I was trying to answer the question whether there is empirical evidence to support the claim of discrimination against Asian American applicants in the college admission process, by quantitatively estimating the effect of race on admission outcomes through the creation of counterfactual scenarios using machine learning methods.

2. What were the major tasks you had to perform in order to complete your project?

The project involved a series of structured tasks aimed at investigating discrimination against Asian American applicants in Harvard University's admissions process, utilizing machine learning techniques and data from judicial documents related to the Harvard legal case. Here is the breakdown of the major tasks undertaken: 1) data acquisition: collection of open data from judicial documents; 2) data preparation and preprocessing: sample generation from the open data; 3) model development through two-stage predictor substitution to address the endogeneity issue of student evaluation; 4) counterfactual generation to create hypothetical scenarios where applicants’ races are altered; 5) result evaluation to estimate the differences in admission outcomes.

3. What is new or novel about your project?

      a. Is there some aspect of your project's objective, or how you achieved it that you haven't done before?

Our project introduces a novel approach to analyzing discrimination in college admissions through the use of machine learning models to predict admission outcomes under counterfactual scenarios.

      b.

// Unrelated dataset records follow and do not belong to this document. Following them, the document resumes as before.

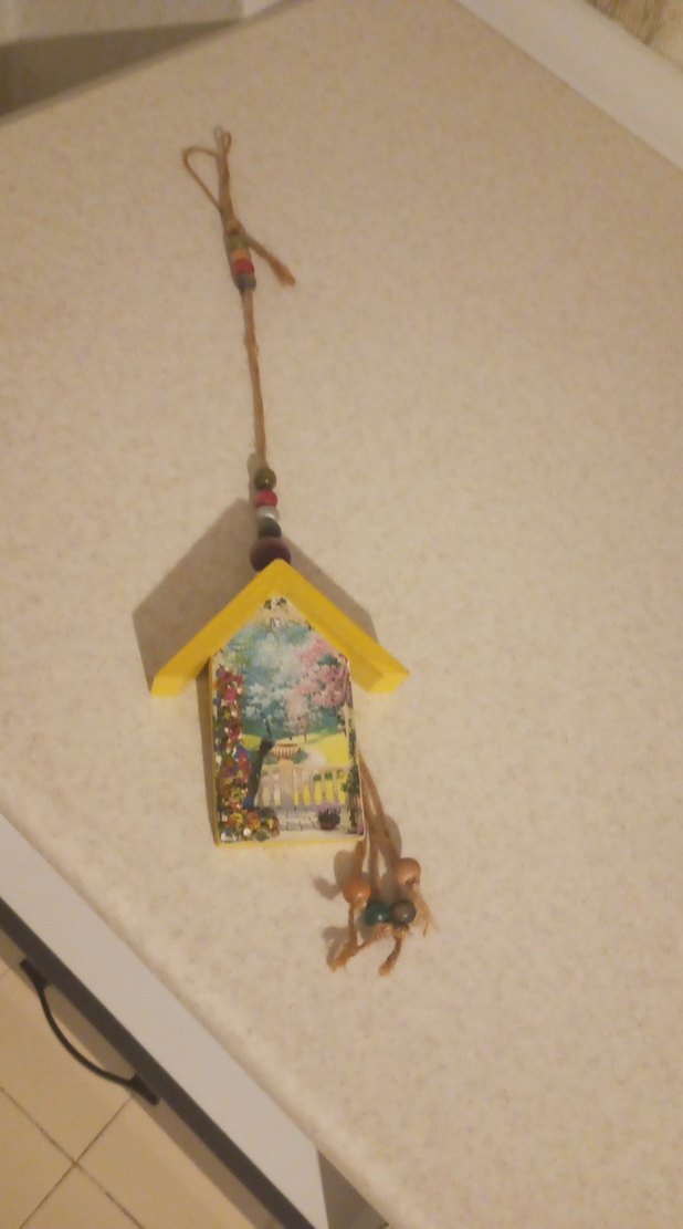 Sarı çerçeveli, renkli boncuklu dekoratif duvar süsü. Manzaralı tasarımı ve ip ile asma imkanı bulunur. Ahşap boncuk detaylıdır.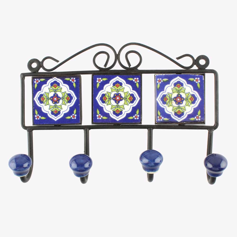 Navy Blue White Ceramic Floral Tiles Hook. When Put on Wall or Cabinet It is An Art in Itself. The Metal Part of this Hook is Black Powder Coated.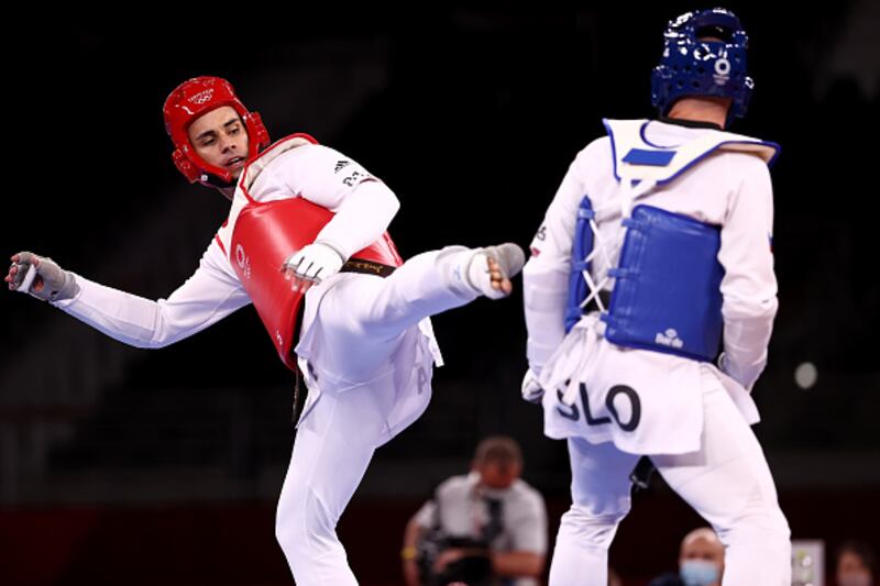 Through the years Pita Taufatofua (L) of Team Tonga competes against Ivan Konrad Trajkovic of Team Slovenia during the Men's +80kg Taekwondo Repechage contest on day four of the Tokyo 2020 Olympic Games at Makuhari Messe Hall on July 27, 2021 in Chiba, Japan. (Photo by Maja Hitij/Getty Images) (MAJA HITIJ/Getty Images)

Is your project's objective, or the way you implemented it, different from anything you have seen?

In contrast, to the studies that concentrate on analyses or broad statistical comparisons our method enables a detailed investigation into the impact of personal ratings and subjective evaluations on admission decisions for Asian American candidates with the use of machine learning to predict admission outcomes with no racial biases towards Asian American applicants.  

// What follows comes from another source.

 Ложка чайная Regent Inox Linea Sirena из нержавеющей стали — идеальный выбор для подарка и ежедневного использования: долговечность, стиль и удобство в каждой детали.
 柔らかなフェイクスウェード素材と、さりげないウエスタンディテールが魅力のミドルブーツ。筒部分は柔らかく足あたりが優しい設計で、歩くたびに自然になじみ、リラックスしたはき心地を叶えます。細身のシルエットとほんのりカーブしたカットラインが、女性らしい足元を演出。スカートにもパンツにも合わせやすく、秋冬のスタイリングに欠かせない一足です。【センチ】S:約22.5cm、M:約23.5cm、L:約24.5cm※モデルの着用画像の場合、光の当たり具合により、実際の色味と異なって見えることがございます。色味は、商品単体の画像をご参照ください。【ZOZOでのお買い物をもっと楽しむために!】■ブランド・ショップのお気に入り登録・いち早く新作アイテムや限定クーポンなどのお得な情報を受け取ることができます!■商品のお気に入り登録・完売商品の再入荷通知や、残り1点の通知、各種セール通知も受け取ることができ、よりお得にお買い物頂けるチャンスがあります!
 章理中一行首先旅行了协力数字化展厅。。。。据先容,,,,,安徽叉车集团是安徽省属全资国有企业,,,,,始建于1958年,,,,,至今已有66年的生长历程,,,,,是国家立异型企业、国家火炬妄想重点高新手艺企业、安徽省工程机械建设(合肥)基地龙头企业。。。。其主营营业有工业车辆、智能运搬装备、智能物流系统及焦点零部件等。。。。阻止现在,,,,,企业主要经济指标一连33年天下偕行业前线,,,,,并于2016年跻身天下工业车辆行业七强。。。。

      c. If you believe your work to be unique in some way, what research have you done to confirm that it is?
We reveal that the Harvard admission process involves multiple dimensions of ratings beyond academic performance, such as personal ratings and are dependent on the race. We adopt a counterfactual generation approach to predict the admission outcomes for Asian American applicants, if they were treated as applicants of other races. This way would allow us to examine the extent of racial discrimination in college admissions, especially the elite colleges. 

4. What was the most challenging part of completing your project?

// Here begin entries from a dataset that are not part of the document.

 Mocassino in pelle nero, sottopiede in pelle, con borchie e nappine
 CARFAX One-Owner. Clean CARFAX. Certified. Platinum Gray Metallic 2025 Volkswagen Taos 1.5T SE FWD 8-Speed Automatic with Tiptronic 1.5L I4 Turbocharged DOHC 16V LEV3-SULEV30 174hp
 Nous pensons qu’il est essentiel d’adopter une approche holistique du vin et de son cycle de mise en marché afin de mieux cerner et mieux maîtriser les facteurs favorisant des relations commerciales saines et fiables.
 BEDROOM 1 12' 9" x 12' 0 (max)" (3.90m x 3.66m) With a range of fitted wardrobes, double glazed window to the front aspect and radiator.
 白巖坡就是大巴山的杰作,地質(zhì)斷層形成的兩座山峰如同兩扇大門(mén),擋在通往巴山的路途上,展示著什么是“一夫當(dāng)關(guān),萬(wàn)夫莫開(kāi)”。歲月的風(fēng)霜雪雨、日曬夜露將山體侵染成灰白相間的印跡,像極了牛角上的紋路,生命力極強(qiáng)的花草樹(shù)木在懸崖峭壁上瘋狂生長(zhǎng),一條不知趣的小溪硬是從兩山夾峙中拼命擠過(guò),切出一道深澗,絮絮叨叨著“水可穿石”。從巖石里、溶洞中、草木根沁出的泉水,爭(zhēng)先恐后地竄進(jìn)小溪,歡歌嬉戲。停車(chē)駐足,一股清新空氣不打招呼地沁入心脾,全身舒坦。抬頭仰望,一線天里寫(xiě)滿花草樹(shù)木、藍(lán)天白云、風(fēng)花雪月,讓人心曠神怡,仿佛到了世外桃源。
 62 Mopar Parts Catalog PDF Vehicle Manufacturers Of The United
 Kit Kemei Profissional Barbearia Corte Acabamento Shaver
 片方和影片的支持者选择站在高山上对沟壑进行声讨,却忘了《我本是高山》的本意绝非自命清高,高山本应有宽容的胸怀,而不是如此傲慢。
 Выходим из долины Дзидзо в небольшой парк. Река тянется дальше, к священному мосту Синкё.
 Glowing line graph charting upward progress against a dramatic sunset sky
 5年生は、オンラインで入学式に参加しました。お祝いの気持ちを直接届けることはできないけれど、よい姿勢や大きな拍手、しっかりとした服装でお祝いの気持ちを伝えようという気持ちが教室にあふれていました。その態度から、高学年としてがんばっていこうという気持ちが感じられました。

     a. What problems did you encounter, and how did you overcome them?

The judicial case document only reveals statistical information about the Harvard admission process for anonymity reasons, such that we will not be able to obtain individual-level application details and admission outcomes. We instead use bootstrap sampling technique to generate samples that follow the indicated statistical distributions and coefficients from regression models that mostly resembles the actual data.

     b. What did you learn from overcoming these problems?
Data privacy is always of high priority in societal problems, and solving such problem requires sophisticated statistical techniques. 

5. If you were going to do this project again, are there any things you would you do differently the next time?

The study mainly involves quantitative analysis using a data-driven approach. However, there could be many other factors that cannot be reflected in the data and yet still reveal the societal problem such as the one at hand. I could try also with qualitative approach, e.g., performing surveys to collect answers from stakeholders of college admissions, including applicants, school counselors, admission officers, etc. Such a combined mixed approach may be better at generating a more holistic picture on the problem.

6. Did working on this project give you any ideas for other projects?

Perhaps using natural language processing to analyze the language and sentiment of recommendation letters of applicants for patterns that might indicate bias based on race, gender, or socioeconomic status. This could offer insights into another subjective aspect of the admissions process. 

7. How did COVID-19 affect the completion of your project?

Since this project was mostly online it was not severely affected.